然而,当运行代码(在gcc 5.4.0,ubuntu 16.0.4和i5-4440 cpu上使用-O3 -fopenmp编译)时,我看到没有加速(2个线程)或非常有限的增益(3和4个线程):
time OMP_NUM_THREADS=1 ./a.out
Function took 230.435 seconds.
real 3m50.439s
user 3m50.428s
sys 0m0.000s
time OMP_NUM_THREADS=2 ./a.out
Function took 227.754 seconds.
real 3m47.758s
user 7m2.140s
sys 0m0.048s
time OMP_NUM_THREADS=3 ./a.out
Function took 181.492 seconds.
real 3m1.495s
user 7m36.056s
sys 0m0.036s
time OMP_NUM_THREADS=4 ./a.out
Function took 150.564 seconds.
real 2m30.568s
user 7m56.156s
sys 0m0.096s
如果我正确理解来自用户的数字,对于3和4个线程,cpu使用率并不好(实际上,当代码运行时,3个线程的cpu使用率约为250%,4个线程的cpu使用率仅为300%)
这是我第一次使用OpenMP,我只是简单地用简单的例子玩它。

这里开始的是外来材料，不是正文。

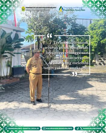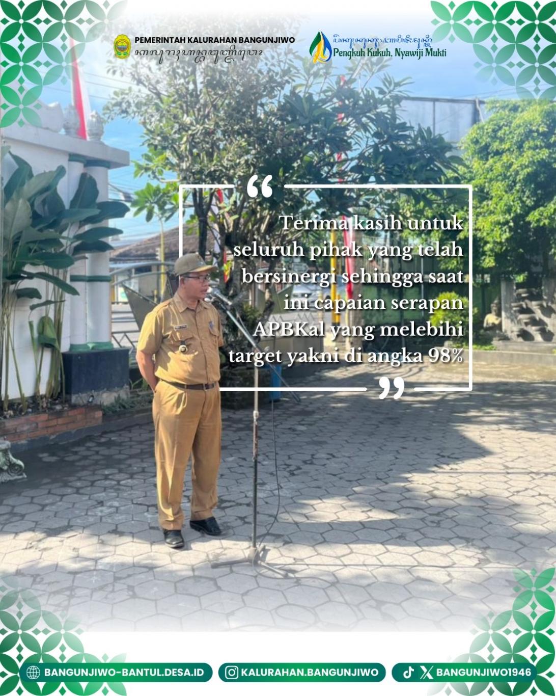 Pemerintah Kalurahan Bangunjiwo melaksanakan kegiatan apel pagi pada Senin (22/12/2025). Apel pagi ini diikuti oleh Lurah beserta jajaran pamong dan Bamuskal Kalurahan Bangunjiwo. Dalam apel pagi hari ini, Lurah Bangunjiwo, Bapak H. Parja, S.T., M.Si. menyampaikan apresiasi kepada seluruh pihak atas kerjamasanya terkait dengan capaian serapan serapan APBKal yang mencapai 98% di tahun 2025. Selanjutnya, pembina apel menyampaikan bahwa saat ini masih ada 2 agenda terdekat yang harus dilaksanakan yakni agenda penerimaan pamong baru untuk jabatan dukuh kalangan & dukuh salakan dan agenda muskal terkait dengan pelaporan hasil pembangunan di tahun 2025

在这里,据我所知,我没有修改并行部分中的任何共享向量basis_NAsec
,basis_NBsec
和basis
,只是读取(这是指出的一个方面)在我读过的几个相关问题中。
那么,我做错了什么?
答案 0 :(得分:3)
使用perf record
快速查看程序的性能表明,无论线程数多少,大部分时间都花费在malloc
&amp; free
。这通常是一个不好的迹象,它也会抑制并行化。
Samples: 1M of event 'cycles:pp', Event count (approx.): 743045339605
Children Self Command Shared Object Symbol
+ 17.14% 17.12% a.out a.out [.] _Z12compute_mddrjjj._omp_fn.0
+ 15.45% 15.43% a.out libc-2.23.so [.] __memcmp_sse4_1
+ 15.21% 15.19% a.out libc-2.23.so [.] __memset_avx2
+ 13.09% 13.07% a.out libc-2.23.so [.] _int_free
+ 11.66% 11.65% a.out libc-2.23.so [.] _int_malloc
+ 10.21% 10.20% a.out libc-2.23.so [.] malloc
malloc
&amp;的原因free
是boost::dynamic_bitset
个对象的常量创建,基本上是std::vector
个。注意:使用某个功能的perf
,can be challenging to find the callers。您可以在gdb
中运行,在执行阶段中断break balloc
,continue
以找出来电者。
提高性能的直接方法是尽可能地保持这些对象的存活,以避免一遍又一遍地重新分配。这违背了通常的好做法,即尽可能在本地声明变量。重用dynamic_bitset
对象的转换可能如下所示:
#pragma omp parallel for reduction(+:sum)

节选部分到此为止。